Location
- Broadoak Road Ashton-Under-Lyne, Greater Manchester, OL6 8RF England 53°30′17″N 2°05′00″W﻿ / ﻿53.5047°N 2.0833°W

Information
- Type: Academy
- Motto: “Inspiring Greatness ”
- Department for Education URN: 135508 Tables
- Ofsted: Reports
- Head teacher: David Waugh
- Gender: Coeducational
- Age: 11 to 16
- Colours: Red, white and black
- Website: gaa.greatacademies.co.uk

= Great Academy Ashton =

Great Academy Ashton (formerly New Charter Academy) is a coeducational secondary school with academy status in Ashton-under-Lyne, Greater Manchester, England.

The school was formed on 1 September 2008 as a result of a merger between Hartshead Sports College and Stamford High School.

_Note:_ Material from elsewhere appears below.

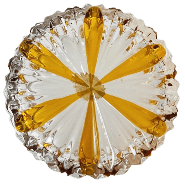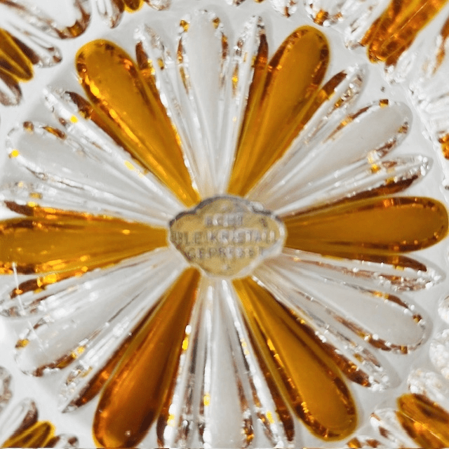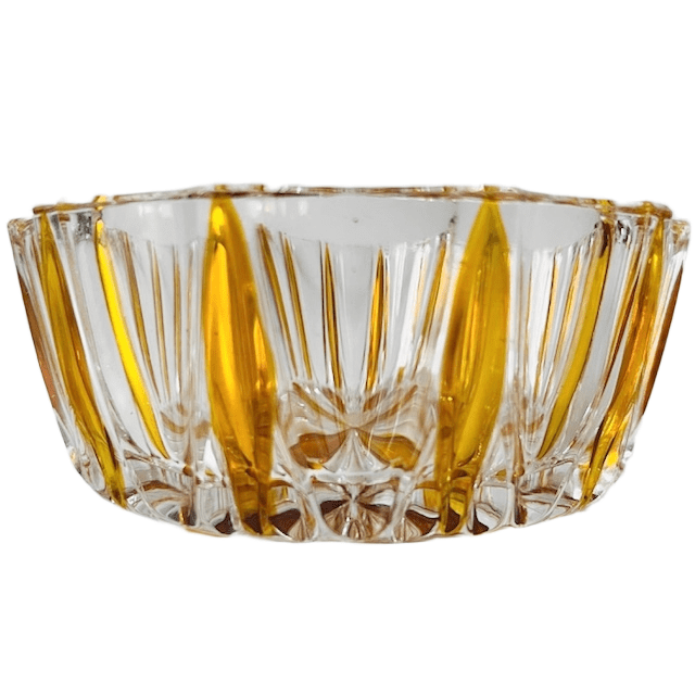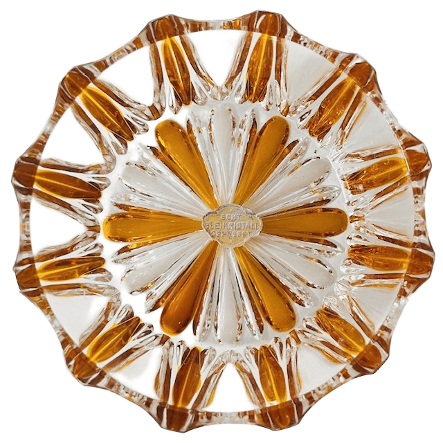 Leuk vintage Bleikristall schaaltje in geslepene amber en transparant kristal uit de jaren 60. Leuk als snoepschaaltje, bonbonnière of opberger voor sieraden. Dit schaaltje is gemaakt van loodkristal dat een prachtige glans geeft.

New Charter Academy was originally split between the two former school sites, but moved to a new £40 million sole campus in September 2011, shared with Samuel Laycock School.

Great Academy Ashton is part of the Great Academies Education Trust which also includes Copley Academy and Silver Springs Primary Academy in Stalybridge, as well as Middleton Technology School.

Great Academy Ashton is sometimes informally known as GAA and used to be called New Charter Academy up until September 2017.

The school was placed in special measures in January 2017. The current headteacher, David Waugh, has been working at the school since January 2021.